Having grown up at the foot of the Austrian Alps, G. Anthony Svatek is awed by the living world and how it is increasingly impacted by our techno-urban lives. Anthony’s work screened at NYFF, Intl FF Rotterdam, Visions du Réel, Ann Arbor, Big Sky, Prismatic Ground, DOCNYC, amongst others. Supporters include Ford Foundation JustFilms, NYSCA, Simons Foundation, Austrian Cultural Forum NY. He is the recipient of the New Visions Golden Gate Award at SFFILM. Commissioned work includes projects for New York Magazine, New York State Parks, and Pioneer Works. He has staffed seasonally at the Flaherty Film Seminar, The Climate Museum, and the American Museum of Natural History.
Miranda Javid is an animator, curator, and art educator living in the Hudson Valley of New York State. On her work, collaborator Brendan Sullivan once said, “Miranda’s work captures the pulsing network of the living, the heft of bodies, and the density of human experience. Her work is playful and also somberly scientific, as it tracks time and decay with special attention to the body wading through it. There is a whole world in there, traces of the big unknowables, both the mystic and the muddled mess of human stuff.
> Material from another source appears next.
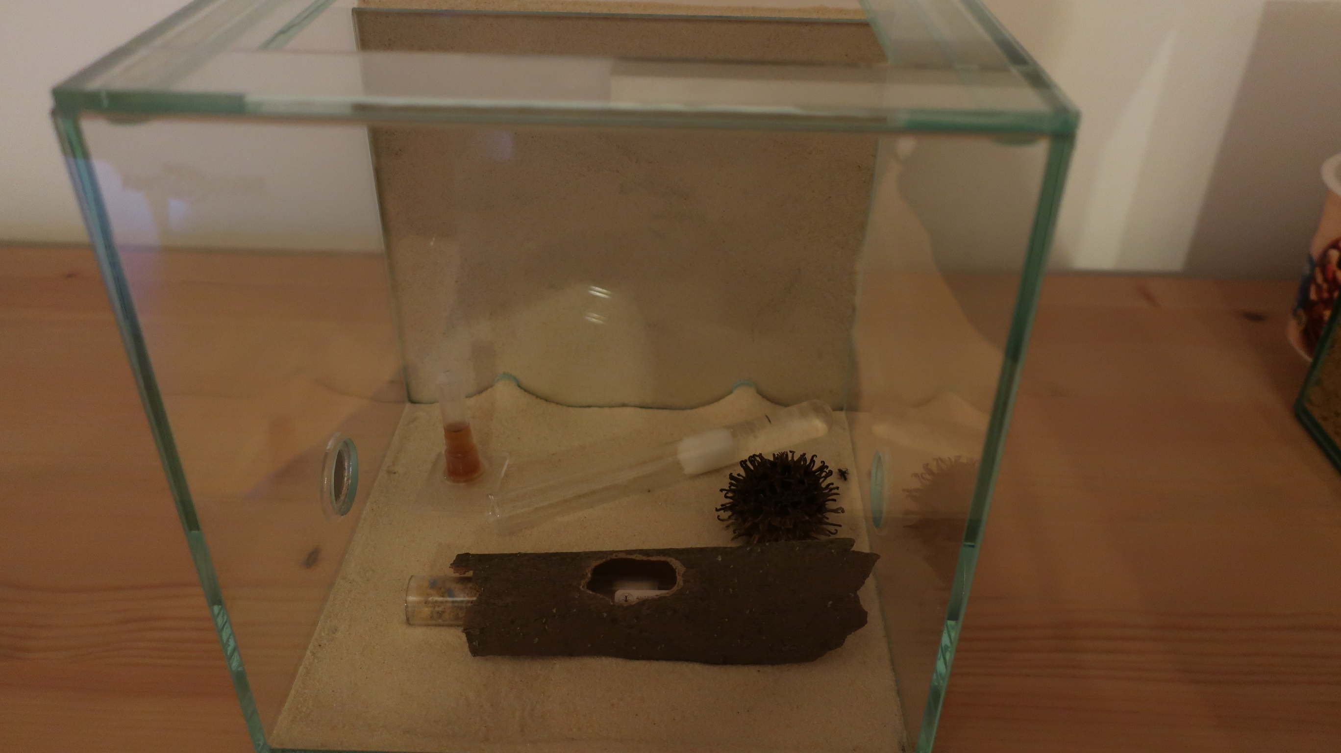 meine Ameisen entwickeln sich prächtig . Wie gern ich das Schreiben würde. Unterm Strich lässt sich sagen, dass sie ihren Eingang wieder geöffnet haben und gelegentlich eine Arbeiterin rauskam. Ein gutes Zeichen, möchte man meinen. Aus logistischen Gründen hatte ich ihnen eine neue Arena gemacht.

Within that unknowable mess, ritual is the mark left in time.” Her films have shown nationally and internationally at festivals like the Ann Arbor Film Festival, Slamdance, Flatpack, Images, Eyeworks Film Festival, The Maryland Film Festival, and Animation Block Party. She is a former Kenan Fellow, Denniston Hill and Squeaky Wheel resident, a Sherman Fairchild grantee, and a recipient of the Nancy Harrigan Prize, given through the Baker Artist Fund. Her drawings have shown at The Baltimore Museum of Art, and The Mint Museum of Art in North Carolina.
Noor Abuarafeh is a Palestinian artist based between Jerusalem and Rotterdam. Her practice spans video, performance, publications, and video installations, with a focus on the themes of memory, history and archives and the complexities of tracking absence. Noor’s videos and performances are based on texts and call the complexity of history into question: how it is formed, constructed, made, perceived, visualized and understood. She asks how all these elements are related and investigates the possibility of representing the past when the past is still present. Her videos and socially-engaged works are based on interviews, workshops and other participatory encounters.
In the past Abuarafeh has shown in solo and group exhibitions at De Appel (2024), Art Jameel (2024), Jakarta Biennale (2024), Frieze Museum (2023), Venice Biennale (2022), Berlin Biennale (2020), and Sharjah Biennale 13 (2017). She also participated in the Off-Biennale Gaudipolis in Budapest (2017) and the Qalandia International in Jerusalem (2018), among others. In 2019, she held her first solo exhibition, The Moon is a Sun Returning as a Ghost, curated by Lara Khaldi in Jerusalem.